Kirkwood High School student newspaper
when+all+else+fails-+Rick+and+Morty

Art by Liv Timp

when all else fails- Rick and Morty

Exhausted – Rachel Finan

You know that feeling before an airplane takes off? That split second of sitting in anticipation of the rumbling engine, the popped ears, your stomach dropping and feeling like you’re floating. Until suddenly you’re suspended in the air strapped into your peeling Southwest seat. 

This year has encapsulated that feeling of suspense to a tee, but there’s been no take off — no resolution. 

As I read through my fellow TKC staffers’ columns, I am struck by the lessons they seemed to learn from the infinite number of uncertainties of a year lived in a pandemic. Yet, as they ponder the complexities of the stars above and find life’s truths, I am stuck in this place of pause that hasn’t left since my extended sophomore year spring break turned into taking my AP U.S. History final at my IKEA desk.

I guess what I’m getting at is humans love to find the meaning in things. I think that’s where 2020 proved to be a puzzle. In a year of such turmoil, significance is hard to find, and as soon as you think you’ve found inner peace, people are storming the Capitol. You’re left looking at the next news headline to see what petition to sign or whether you’ll ever be able to buy hand sanitizer again. Everything seemed to be moving at a high speed that no amount of caffeine could help you keep up with. I tried to turn to running to find purpose or focus in a time where I felt neither. Instead, I had a canceled track season and a half normal cross country season spent battling self-doubt race after race resulting in subpar performances. 

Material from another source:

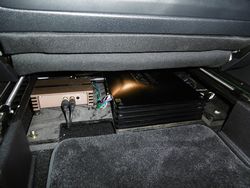 プロセッサーアンプは6チャンネルアンプ内蔵のP-SIXを使いマルチでスピーカーを駆動・調整いたします。サブウーファー用のアンプはビーウィズを使用しました。これらは助手席シート下に取付いたしました。

As junior year was underway, it was back to in-person school. After a short-lived time back, my mom came home with Rona and I was sentenced to three weeks of November in my room, only allowed to leave my Hobbit hole for a packed Thanksgiving dinner for my mom, my dog (he stuck to the Iams dog chow) and me. During my time in quarantine I tried hopping on the early quarantine trend of dying my hair pink, but sadly the meaning of life isn’t discovered in Loreal Temporary Hair Dye. In a fit of boredom my guitar left the corner of my room, I did Chloe Ting’s “Two Week Ab Challenge,” I went on walks, and I listened to podcast after podcast until I had spent hours learning about the childhood of Dolly Parton and the meanings of her songs in detail. 

After my release from house arrest, I thought the ability to have human interaction would quench my insatiable boredom. Yet, as time droned on, even small gatherings seemed to blend together as weeks grew monotonous and my motivation spiraled like the stock market after the great GameStop scheme. My grades plummeted, my screen time skyrocketed, and Infinite Campus notifications ruined my “Grey’s Anatomy” oblivion. Every attempt at finding motivation for something was met with a stark realization that last school year my mask hook didn’t exist and the news, although still chaotic, didn’t rapid-fire tragedies at me till the point of numbness. 

At this point you are probably questioning what the overarching theme is to this column. Here’s the best answer I could give you: there is no theme because I have no message, no lesson and no earth changing realization about life. This year I had family events, a death, an ACT, protests but all I can tell you is I’m exhausted. After fourteen months of living in limbo, I’m ready for the plane to take off and, dear God, please take us into a post pandemic world.